_The task_. Write back every entry exactly as it reads, with the pictures left behind.

>>

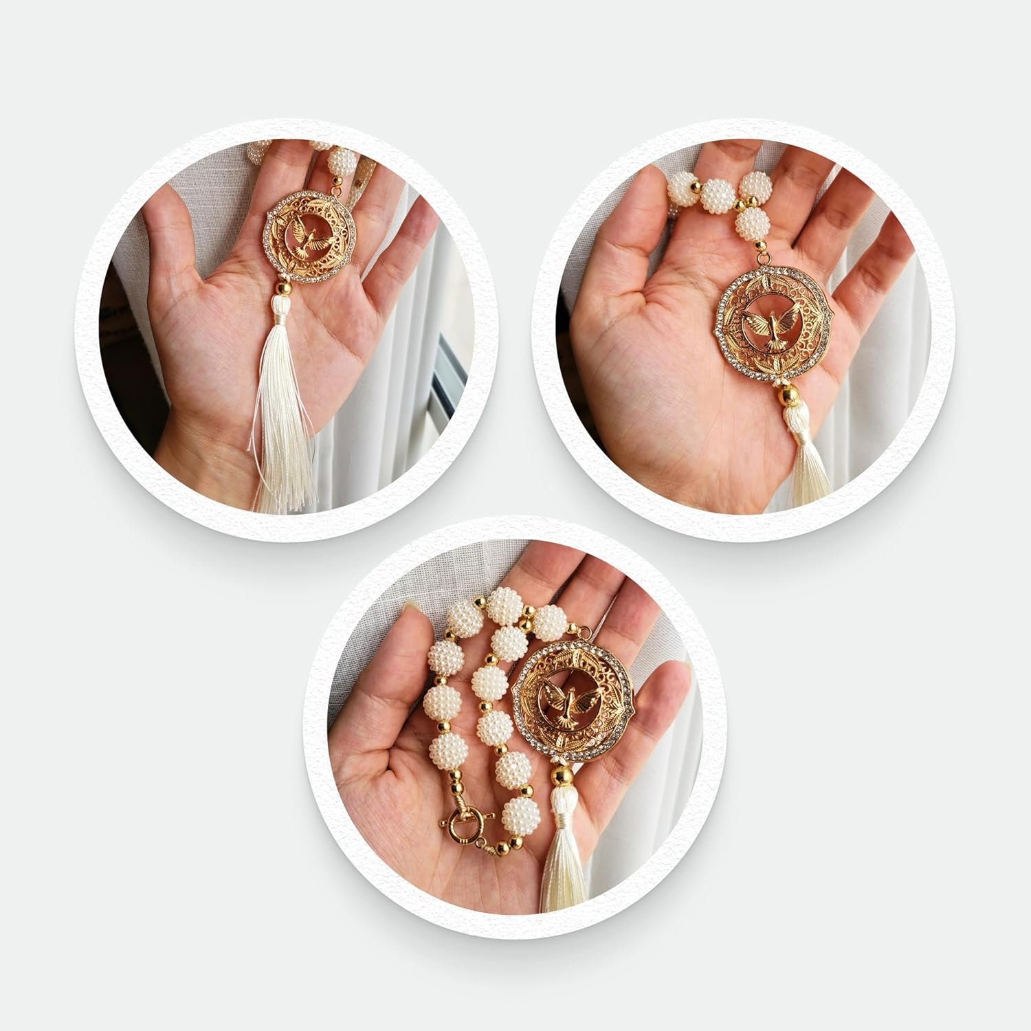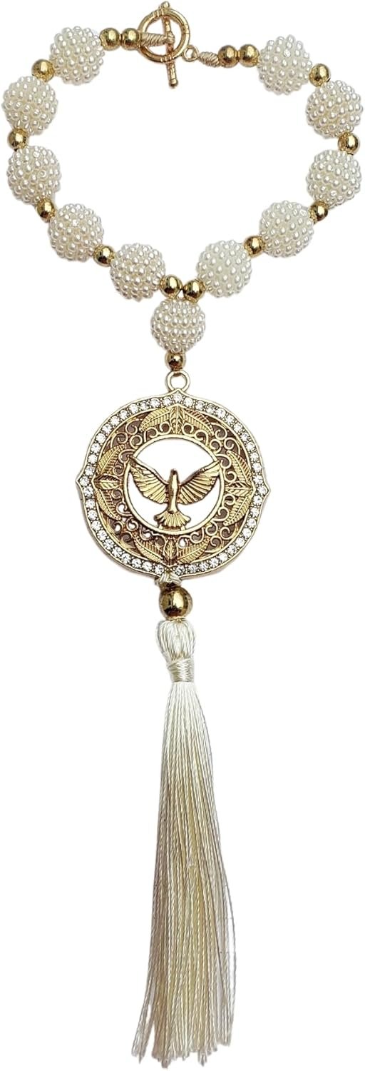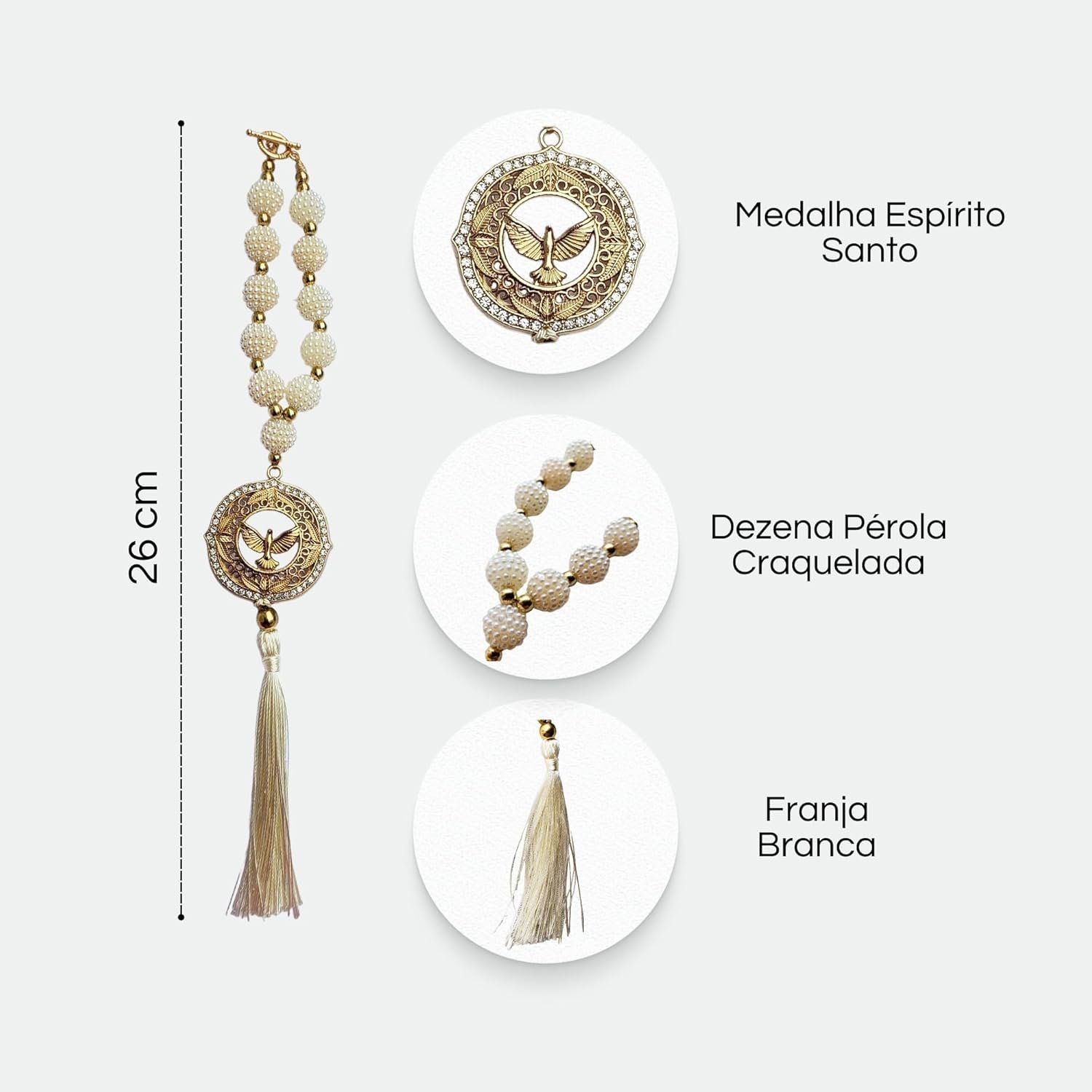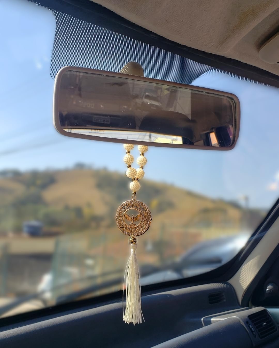 Terço Dezena Retrovisor Carro Divino Espírito Santo Acessórios Bolsa Mochila Oratório (1, 1 Divino – Amora Pérola – Strass Branco)
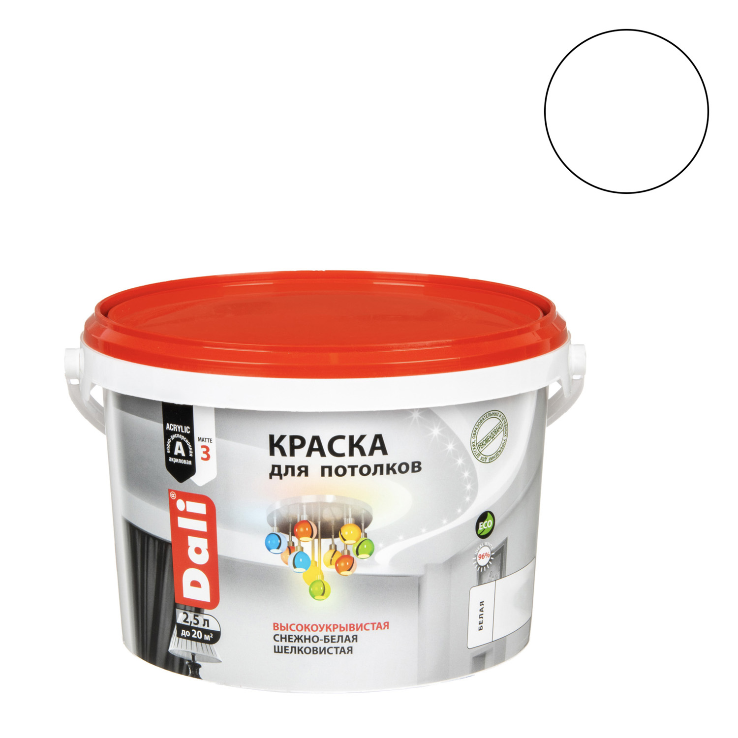 штДля окраски потолков в помещениях, не подвергающихся сильным эксплуатационным нагрузкам. Для внутренних работ. Акриловая белая матовая краска для потолков. Обладает отличной укрывистостью. Образует гладкое покрытие исключительной белизны.
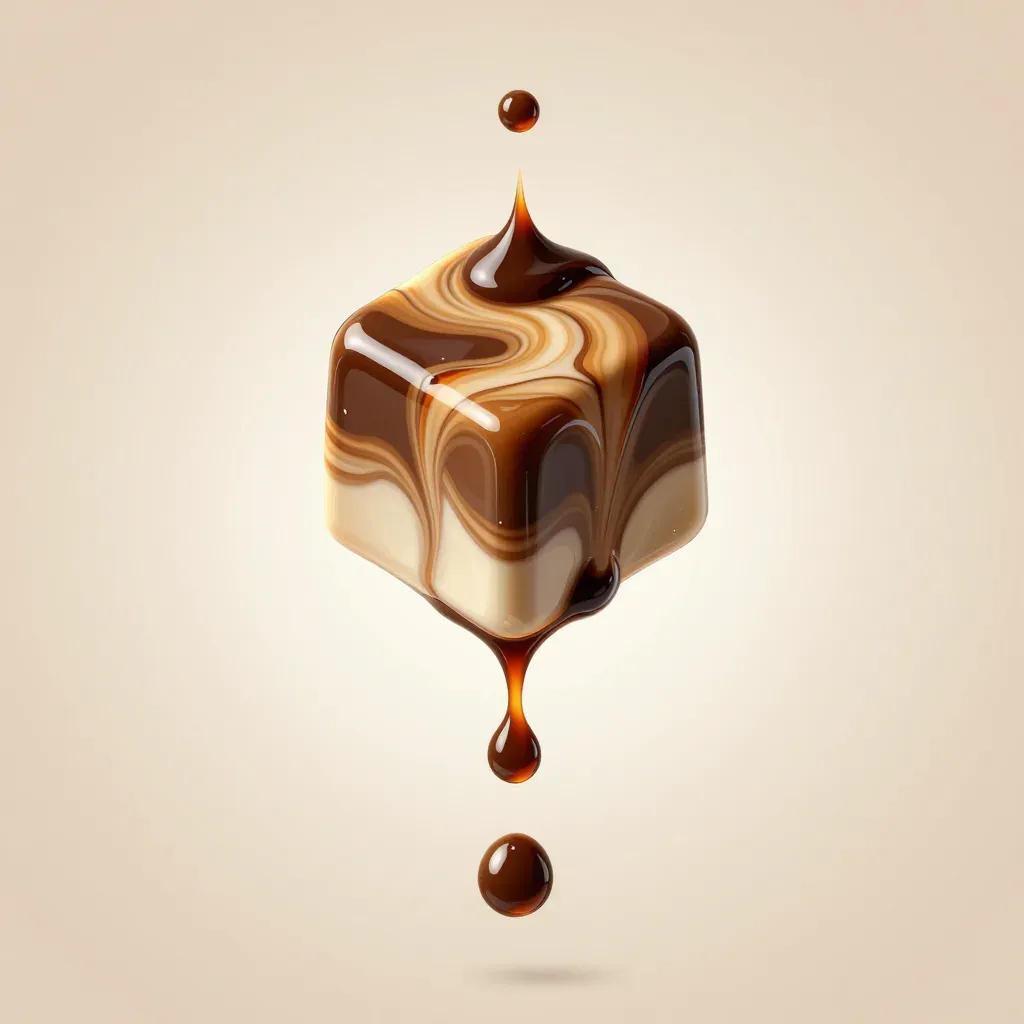 A glossy, three-dimensional cube of coffee and cream cascades with droplets, illuminated by soft, diffused lighting that highlights its glossy texture and creates subtle shadows, set against a neutral, light beige background that enhances the subject's prominence.
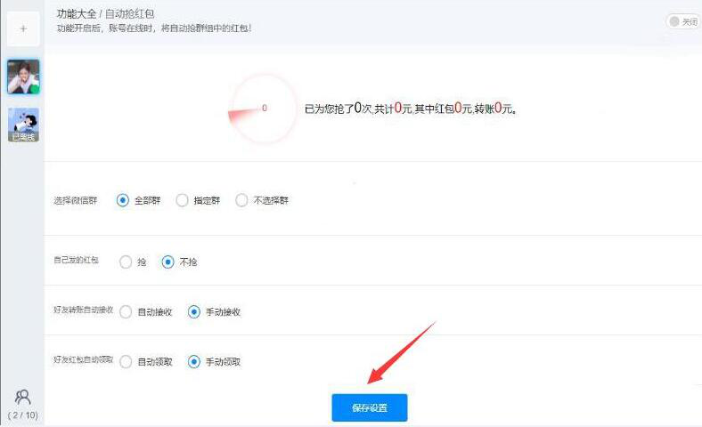 4、最后,再次确认46助手自动抢红包的设置无误,点击“保存设置”按钮。
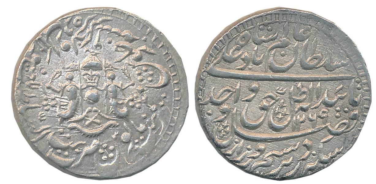 Wajid Ali Shah, Silver Rupee, 11.13g, Baitu us Sultanate Lakhnau Mulk Awadh Akhtarnagar Mint, AH 1269/ RY 9, Parasol above crown flanked by Mermaids holding flag crossed swords below on obverse (RY Not listed in Master & Kapoor). Extremely fine.
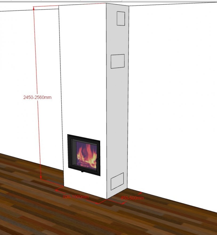 Vložka je standartně opatřena "nohama" o délce 266mm. Kratší nebo naopak delší nohy lze pořídit za příplatek. Délku nožek krbové vložky si můžete zvolit napravo od obrázku krbové vložky. V konfiguraci si také můžete zvolit barvu a tvar šamotu v topeništi. Krbová vložka je standartně dodávána s kulatým, bílým šamotem. Na výběr jsou i hranaté šamoty jak v černé, tak bílé barvě.
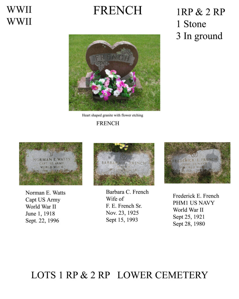 BLOCK: Right | LOT #: 1 & 2 RP | PEOPLE BURIED THERE: Barbara Cleone French | LAST NAME: French | DATE OF DEATH: Sept. 15 1993
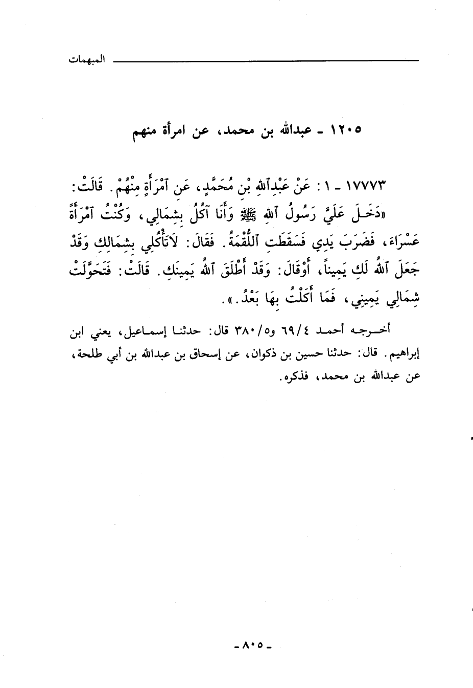١٢٠٥ - عبد الله بن محمد، عن امرأة منهم
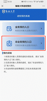 (二)在进校预约系统界面,非业务进校预约选择“非业务预约入口”。
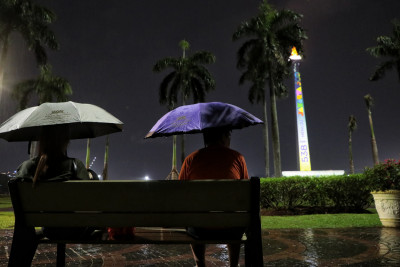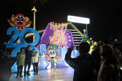 Rabu, 31 Desember 2025 - menikmati malam jelang pergantian tahun di kawasan Monumen Nasional (Monas), Jakarta Pusat, Rabu (31/12
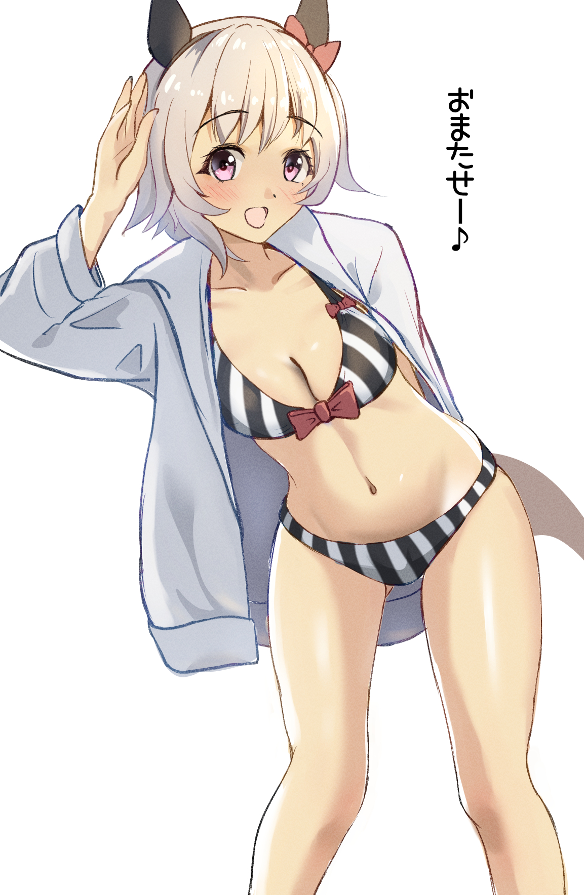 1girlanimal earsbikiniblack bikiniblack hairbandblushbowbreastscleavagecollarboneear bowear coversgrey hairhair between eyeshairbandhorse earshorse girlhorse tailjacketlong sleeveslooking at viewermedium breastsnavelopen clothesopen jacketopen mouthpurple eyesred bowshort hairsimple backgroundsmilesolostomachswimsuittailwhite backgroundwhite bikiniwhite jacket
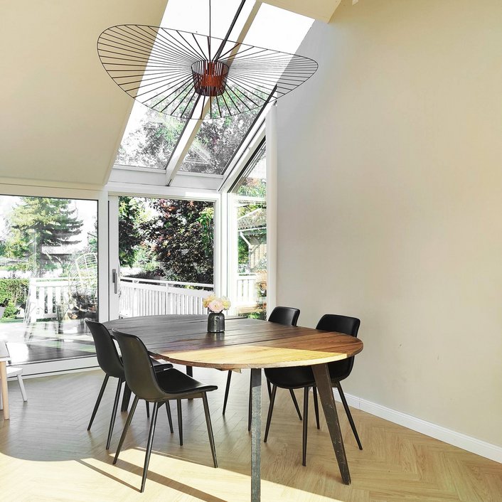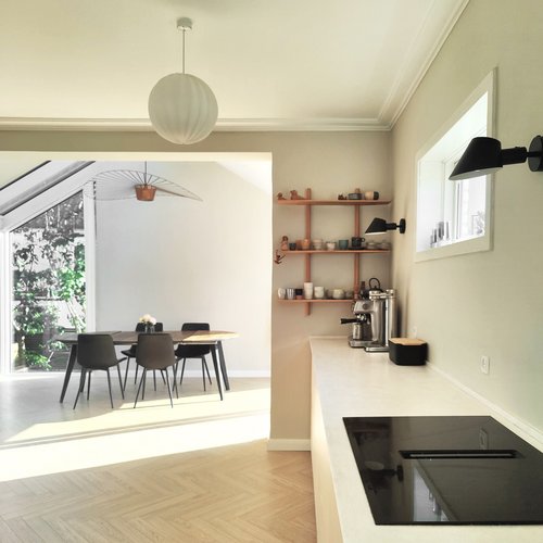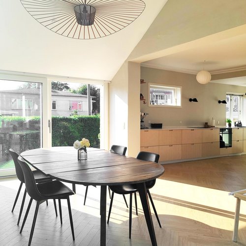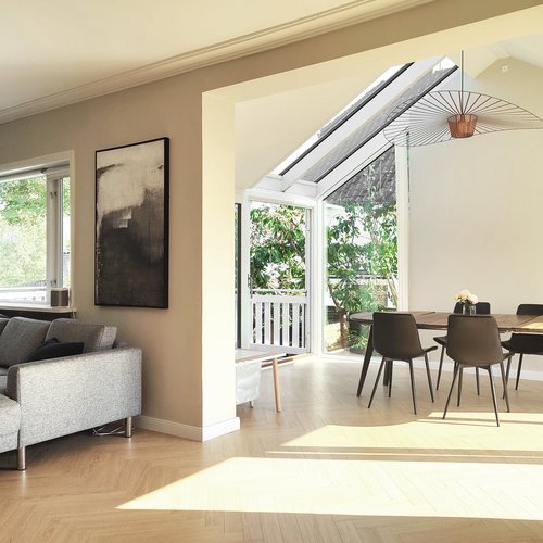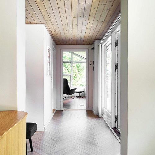 Familien der havde købt en villa ud mod Damhussøen ønskede at ombygge og modernisere den, så den passede til deres ønsker og behov. Huset havde en fantastisk placering ud mod Damhussøen, men i opholdsrummene oplevede man ikke rigtig udsigten mod søen og naturen. Derfor fokuserede vi på, at inddrage udsigten mod søen og naturen mest muligt uden at lave for store ændringer i husets arkitektur. I forlængelse af stuen var der i 1970érne opført en uisoleret udestue. Udestuen blev ombygget og efterisoleret og med en ny stor åbning blev den inddraget som en del af stuen. Derudover blev husets oprindelige planløsning transformeret med nye zoner, nyt køkken og et nyt langt kig gennem huset mod søen.

<<

_Response_.
 Terço Dezena Retrovisor Carro Divino Espírito Santo Acessórios Bolsa Mochila Oratório (1, 1 Divino – Amora Pérola – Strass Branco)
 штДля окраски потолков в помещениях, не подвергающихся сильным эксплуатационным нагрузкам. Для внутренних работ. Акриловая белая матовая краска для потолков. Обладает отличной укрывистостью. Образует гладкое покрытие исключительной белизны.
 A glossy, three-dimensional cube of coffee and cream cascades with droplets, illuminated by soft, diffused lighting that highlights its glossy texture and creates subtle shadows, set against a neutral, light beige background that enhances the subject's prominence.
 4、最后,再次确认46助手自动抢红包的设置无误,点击“保存设置”按钮。
 Wajid Ali Shah, Silver Rupee, 11.13g, Baitu us Sultanate Lakhnau Mulk Awadh Akhtarnagar Mint, AH 1269/ RY 9, Parasol above crown flanked by Mermaids holding flag crossed swords below on obverse (RY Not listed in Master & Kapoor). Extremely fine.
 Vložka je standartně opatřena "nohama" o délce 266mm. Kratší nebo naopak delší nohy lze pořídit za příplatek. Délku nožek krbové vložky si můžete zvolit napravo od obrázku krbové vložky. V konfiguraci si také můžete zvolit barvu a tvar šamotu v topeništi. Krbová vložka je standartně dodávána s kulatým, bílým šamotem. Na výběr jsou i hranaté šamoty jak v černé, tak bílé barvě.
 BLOCK: Right | LOT #: 1 & 2 RP | PEOPLE BURIED THERE: Barbara Cleone French | LAST NAME: French | DATE OF DEATH: Sept. 15 1993
١٢٠٥ - عبد الله بن محمد، عن امرأة منهم
 (二)在进校预约系统界面,非业务进校预约选择“非业务预约入口”。
 Rabu, 31 Desember 2025 - menikmati malam jelang pergantian tahun di kawasan Monumen Nasional (Monas), Jakarta Pusat, Rabu (31/12
 1girlanimal earsbikiniblack bikiniblack hairbandblushbowbreastscleavagecollarboneear bowear coversgrey hairhair between eyeshairbandhorse earshorse girlhorse tailjacketlong sleeveslooking at viewermedium breastsnavelopen clothesopen jacketopen mouthpurple eyesred bowshort hairsimple backgroundsmilesolostomachswimsuittailwhite backgroundwhite bikiniwhite jacket
 Familien der havde købt en villa ud mod Damhussøen ønskede at ombygge og modernisere den, så den passede til deres ønsker og behov. Huset havde en fantastisk placering ud mod Damhussøen, men i opholdsrummene oplevede man ikke rigtig udsigten mod søen og naturen. Derfor fokuserede vi på, at inddrage udsigten mod søen og naturen mest muligt uden at lave for store ændringer i husets arkitektur. I forlængelse af stuen var der i 1970érne opført en uisoleret udestue. Udestuen blev ombygget og efterisoleret og med en ny stor åbning blev den inddraget som en del af stuen. Derudover blev husets oprindelige planløsning transformeret med nye zoner, nyt køkken og et nyt langt kig gennem huset mod søen.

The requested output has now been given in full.